The fact that it sometimes gets quite hot in the summer is actually nothing new. But if the temperatures stay above 30 degrees for several days in a row, then it is called a heat wave. Unfortunately, the long-term climate outlook suggests that we need to significantly improve our hot weather gardening skills. So, in order to get your herbs, flowers and plants through midsummer without damage if possible, amateur gardeners should know how best to protect the garden from heat. However, different plants also tolerate different temperatures. While vegetables such as radishes, broccoli, cabbage, pak choi or leaf lettuce prefer cooler soil temperatures, temperatures up to 30 degrees are optimal for summer vegetables and fruits such as tomatoes, peppers and peaches. Regardless of variety, young plants are more susceptible to sunburn and heat stress, and during a heat wave it’s best to bring them indoors.

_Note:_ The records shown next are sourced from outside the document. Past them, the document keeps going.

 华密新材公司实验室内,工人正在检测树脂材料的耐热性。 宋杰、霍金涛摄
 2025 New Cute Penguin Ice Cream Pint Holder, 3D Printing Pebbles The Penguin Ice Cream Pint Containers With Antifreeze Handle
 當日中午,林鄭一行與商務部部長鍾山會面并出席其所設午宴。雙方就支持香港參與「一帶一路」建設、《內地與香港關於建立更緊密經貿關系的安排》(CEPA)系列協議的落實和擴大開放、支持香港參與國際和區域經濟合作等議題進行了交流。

Protect plants from heat with mulch
What protects our plants from the cold in the winter months has the exact opposite effect in the summer: a thick layer of mulch is one of the most effective ways to protect plants in the garden from heat. Mulching protects the soil from the sun’s strong rays and holds water much longer. In addition, mulching prevents the soil from heating up too much and keeps plant roots cool. To protect the garden from the heat, cover the soil with a thick layer of wood chips, bark mulch or grass clippings.
Provide some shade
To keep your plants from burning and to protect the garden from the heat, provide adequate sun protection. Especially during the midday heat from 11 a.m. to 4 p.m., cover plants and move potted plants into the shade. Whether you stretch white bed sheets over them for this purpose, buy a special shade cloth, or use a large parasol, there are plenty of ways to create shade in the garden. However, it’s important that you position the material so that it blocks sunlight, but still allows good airflow for the plants. While companion planting is more commonly used to repel pests or encourage pollinators, it’s also a great option for protecting plants in the garden from the heat. To do this, plant tall and heat-tolerant plants around tougher and more delicate varieties.

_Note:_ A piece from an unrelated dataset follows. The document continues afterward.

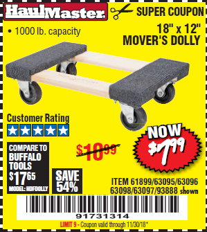 18" X 12" HARDWOOD MOVER'S DOLLY Lot No. 93888/60497/61899/62399/63095/63096/63097/63098 Expired: 11/30/17 - $7.99 Coupon Code: '12785507'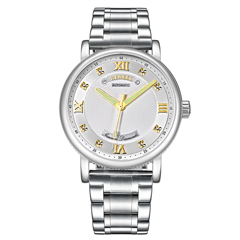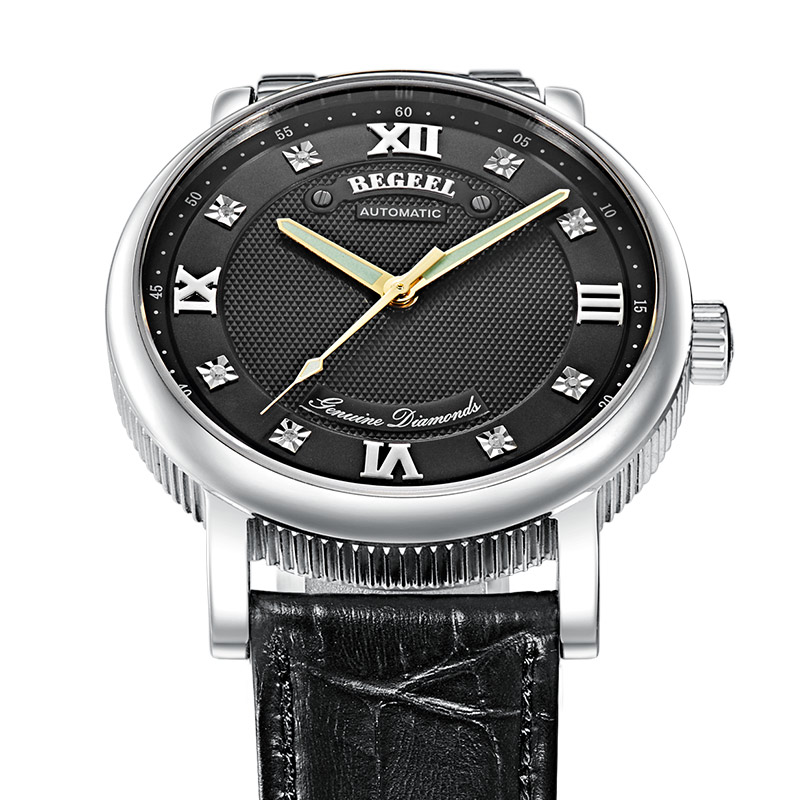 設計靈感源自20世紀30年代的Art-deco裝飾藝術風格,簡潔的幾何構圖與線條設計,將精致典雅與摩登時尚相融合。簡約圓形設計表盤,優美的弧線交織,呈現出平衡和諧的美感。表盤中央大面積的“鉆石尖端”(巴黎釘紋)整齊鋪排的,巴黎釘紋飾是典型的Art-deco裝飾風格的設計語言,古典優雅。

Using ground covers to protect the garden from heat
Various ground covers are not only a visual eye-catcher in the garden, but can also help keep the soil moist and absorb heat. For this purpose, it is best to choose evergreen and low-maintenance ground covers that can withstand dry periods well. To create quick cover, it’s best to plant groundcovers close together.
Do not cut or plant garden plants in hot weather
Gardening tasks, such as pruning, fertilizing and transplanting, always put stress on our plants. So if you want to protect your garden from the heat, it’s best to avoid doing so during the summer heat. Leave your garden plants alone for now and wait until temperatures drop below 30 degrees. You should also avoid cleaning out faded plants during the heat – these can actually serve as additional protection, preventing sunburn.

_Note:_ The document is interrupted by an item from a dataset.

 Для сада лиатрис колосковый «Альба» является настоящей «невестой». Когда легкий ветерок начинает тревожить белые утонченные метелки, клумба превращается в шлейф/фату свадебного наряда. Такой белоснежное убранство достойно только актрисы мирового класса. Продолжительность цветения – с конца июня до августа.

Protect potted plants in the summer
Potted plants cut a great figure in the garden and are a real eye-catcher. However, they are also the first to dry out during a heat wave. To protect them from the heat, it’s best to place them in full shade or bring them indoors on particularly hot days. In addition, the containers lend themselves to dry out faster and therefore it is important to water potted plants in midsummer, at least once or even twice a day.
Protect garden from heat: Watering plants properly in the summer
To protect the garden from the heat, we need to water our plants regularly – it makes sense, right? However, things can go wrong in the process, and you can’t overdo it – too much water can actually worsen soil conditions. First, gently push the soil apart and if the soil still feels moist, then watering can wait. The best time to water plants in mid-summer is early morning between 5 and 6 am. During this time, plants are still cool from the night and can better withstand the higher temperatures during the day. In the evening, on the other hand, the plants are very heated and cold water in this case acts as a shock. If there is no other way, and you need to water in the evening, then it is best to use stale and lukewarm water for this purpose.